What could happen that would invalidate this narrative?
  • Heightened capital expenditures directed at capacity expansions and new facilities in both aerospace and industrial gas turbines may not immediately translate into revenue or profitability, exposing Howmet to risk if end-market demand growth slows or if industry overcapacity leads to margin compression and weaker free cash flow.
  • Continued reliance on strong demand for commercial aerospace (narrow-body builds, new engine programs, etc.) creates vulnerability to OEM supply chain bottlenecks (as seen with engines for A320 family), production delays, or abrupt changes in aircraft build rates, potentially dampening future revenue growth.
  • Howmet faces ongoing customer concentration risk, with large portions of revenue tied to major OEMs (Boeing, Airbus, Lockheed); renegotiations of key contracts, unexpected destocking, or changes in procurement behavior could materially impact earnings stability.
  • The pronounced ramp in headcount and deferred automation suggests a period where labor costs and operational inefficiencies may be elevated relative to peers who aggressively pursue digitalization and Industry 4.0, potentially threatening net margins if productivity gains lag.
  • Supply chain challenges, prolonged destocking cycles, or longer aircraft/component lifecycles could suppress the aftermarket and spares revenue segment, which has grown to represent a significant portion of Howmet's revenue base, thereby constraining revenue and earnings momentum if replacement demand softens.

Valuation

How have all the factors above been brought together to estimate a fair value?
  • The analysts have a consensus price target of $204.306 for Howmet Aerospace based on their expectations of its future earnings growth, profit margins and other risk factors. However, there is a degree of disagreement amongst analysts, with the most bullish reporting a price target of $225.0, and the most bearish reporting a price target of just $186.0.
  • In order for you to agree with the analyst's consensus, you'd need to believe that by 2028, revenues will be $10.3 billion, earnings will come to $2.2 billion, and it would be trading on a PE ratio of 45.8x, assuming you use a discount rate of 7.7%.
  • Given the current share price of $178.98, the analyst price target of $204.31 is 12.4% higher.
  • We always encourage you to reach your own conclusions though. So sense check these analyst numbers against your own assumptions and expectations based on your understanding of the business and what you believe is probable.

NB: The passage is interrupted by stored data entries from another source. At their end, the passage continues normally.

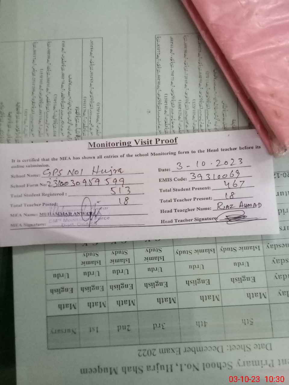 | EMIS Code: 39310069 | Name of School: GPS NO. 1 HUJRA | |||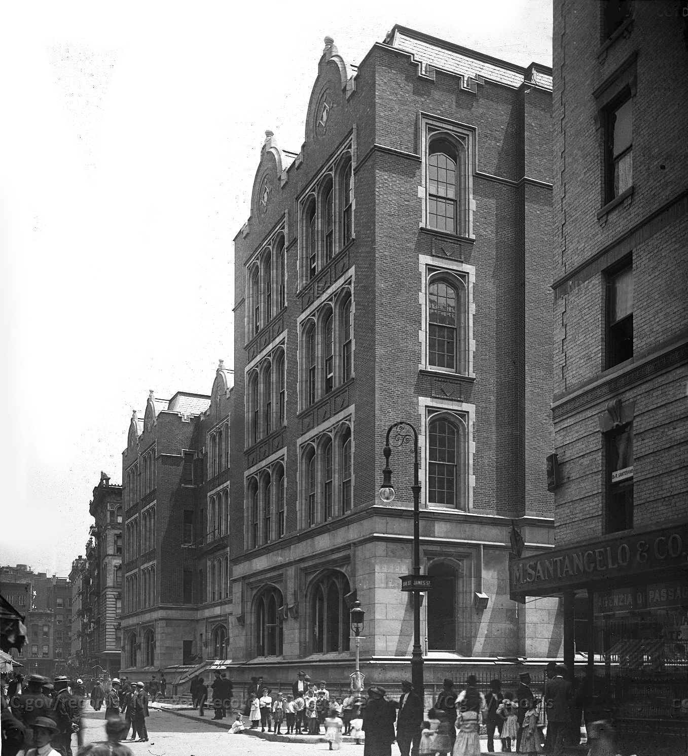 Right around this time, Blakeslee was looking through the NYC Municipal Archives and stumbled upon a wonderful high-resolution photo from 1902 of a public school building. Luckily, the photo featured a clearly-marked street sign (whose marvelous design was something I had never seen before), indicating we were on Oak Street looking towards James.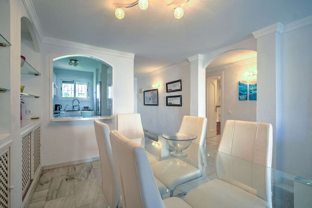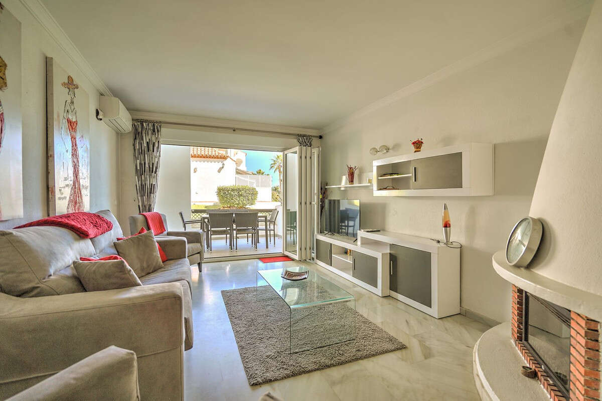 The highlight of this home is the large private terrace, perfect for dining, sunbathing, or relaxing outdoors. With direct access to the landscaped communal gardens and just steps from the beach, it's ideal for both holiday homes and year-round living. Additional features include marble floors, air conditioning, double glazing, and electric blinds for added comfort. This apartment is a rare find in one of Calahonda's most desirable beachfront communities.

How well do narratives help inform your perspective?

Disclaimer

AnalystConsensusTarget is a tool utilizing a Large Language Model (LLM) that ingests data on consensus price targets, forecasted revenue and earnings figures, as well as the transcripts of earnings calls to produce qualitative analysis. The narratives produced by AnalystConsensusTarget are general in nature and are based solely on analyst data and publicly-available material published by the respective companies. These scenarios are not indicative of the company's future performance and are exploratory in nature. Simply Wall St has no position in the company(s) mentioned. Simply Wall St may provide the securities issuer or related entities with website advertising services for a fee, on an arm's length basis. These relationships have no impact on the way we conduct our business, the content we host, or how our content is served to users. The price targets and estimates used are consensus data, and do not constitute a recommendation to buy or sell any stock, and they do not take account of your objectives, or your financial situation. Note that AnalystConsensusTarget's analysis may not factor in the latest price-sensitive company announcements or qualitative material.